Стать своим. Ради этого Георгий был готов зайти очень далеко. В 1940 году советский критик Корнелий Зелинский написал для Гослитиздата внутреннюю рецензию на книгу Цветаевой, предложенную для публикации. Рецензия была разгромной, более того — оскорбительной для Цветаевой. Однако Мур, знавший цену Марине Ивановне, поддержал Зелинского: «…я себе не представляю, как Гослит мог бы напечатать стихи матери — совершенно и тотально оторванные от жизни и ничего общего не имеющие с действительностью» [23] . Мур считает или пытается считать существующий порядок вещей нормальным, единственно возможным. Если стихам Цветаевой нет места в Стране Советов, значит, так тому и быть.
Мур старается проводить больше времени с одноклассниками, хотя с ними ему неинтересно. Он во всех отношениях перерос советских сверстников, но стремился с ними сблизиться: «…я живо интересуюсь всеми явлениями, затрагивающими класс и школу» [24] , — с гордостью пишет он. А каков стиль! Будто с нами заговорила газета «Правда» предвоенных времен. И это читатель Готье и Малларме, Чехова и Тургенева!
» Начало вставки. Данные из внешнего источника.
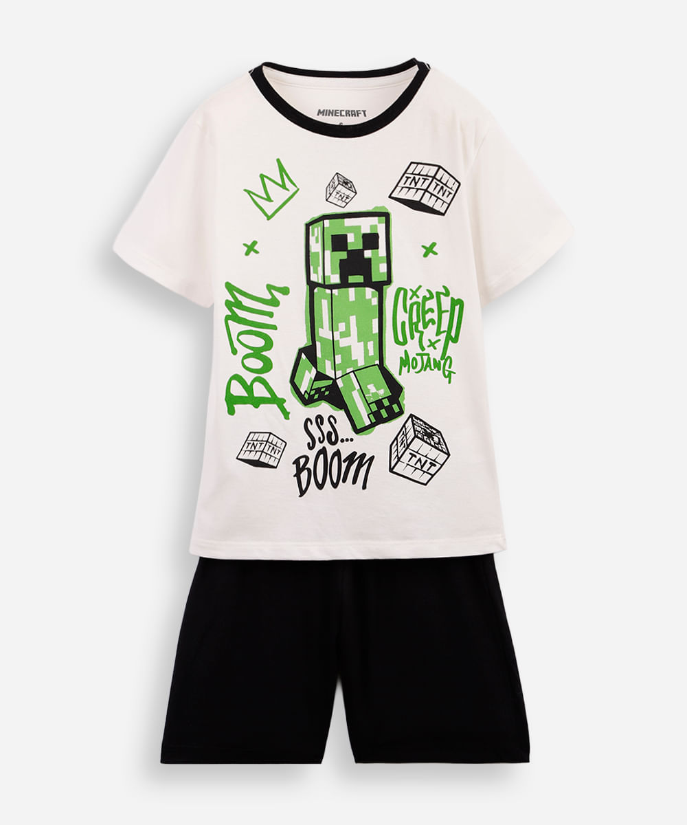 • Camiseta de manga curta com estampa divertida do personagem Creeper e elementos do universo Minecraft.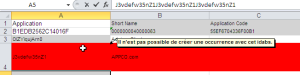 L'assistant fournit un compte-rendu des résultats de l'import dans un fichier Excel. Ce fichier s'ouvre automatiquement et marque en rouge les données qui posent problème. Dans l'exemple suivant, le fichier a identifié une application qui existe dans HOPEX mais dont l'identifiant a été modifié dans le fichier d'import.

Мур вместе с одноклассниками ходит в кино на советские кинокартины, смотрит революционные и патриотические фильмы о Свердлове и Суворове, и ему вроде бы нравится. Свой литературный вкус он также подчиняет общепринятому. Трудно сказать, был ли Мур искренним, когда хвалил «Как закалялась сталь» [25] и спорил с Митькой, который издевался над книгой Николая Островского [26] . Вообще вкусы Митьки и Мура чаще сходились, оба ценили прежде всего французскую литературу, читали друг другу Шарля Бодлера и Поля Валери, обсуждали книги Андре Жида. С чего бы это такая любовь к житию «красного святого»? Искренен ли Мур был перед самим собой, когда хвалил «Как закалялась сталь»? В дневнике разговор об этой книге возникает дважды, с интервалом в четыре дня, причем Мур даже не упоминает имени автора. В дневнике Мура будут часто упоминаться Чехов и Достоевский, Сименон и Сартр, даже Сельвинский, даже Салтыков-Щедрин, но имени Николая Островского Мур не назовет, а его книгу больше не вспомнит. Не была ли похвала Мура и его спор с Митькой всего лишь попыткой обмануть самого себя? Привить себе любовь к тому, что не затронуло и не могло затронуть его души? Не так ли случится и полгода спустя с внезапным увлечением футболом?
Любовь к футболу для москвича тех лет даже больший признак «нашести», «советскости», чем восхищение Павкой Корчагиным. Увлечение футболом было частью культа спорта в сталинском Советском Союзе. Власть поддерживала культ спорта, ведь Красной армии нужны были атлеты, парашютисты, ворошиловские стрелки. В парках культуры и отдыха стояли парашютные вышки, не пустовали спортивные кружки и секции. Как-то сам собой появился и профессиональный спорт, лишь закамуфлированный под спорт любительский. Впервые понятия «спорт» и «спортсмен», введенные когда-то в русский язык барином и англоманом Алексеем Хомяковым, вошли в лексикон простого человека. Спорт стал частью советского (и русского) образа жизни.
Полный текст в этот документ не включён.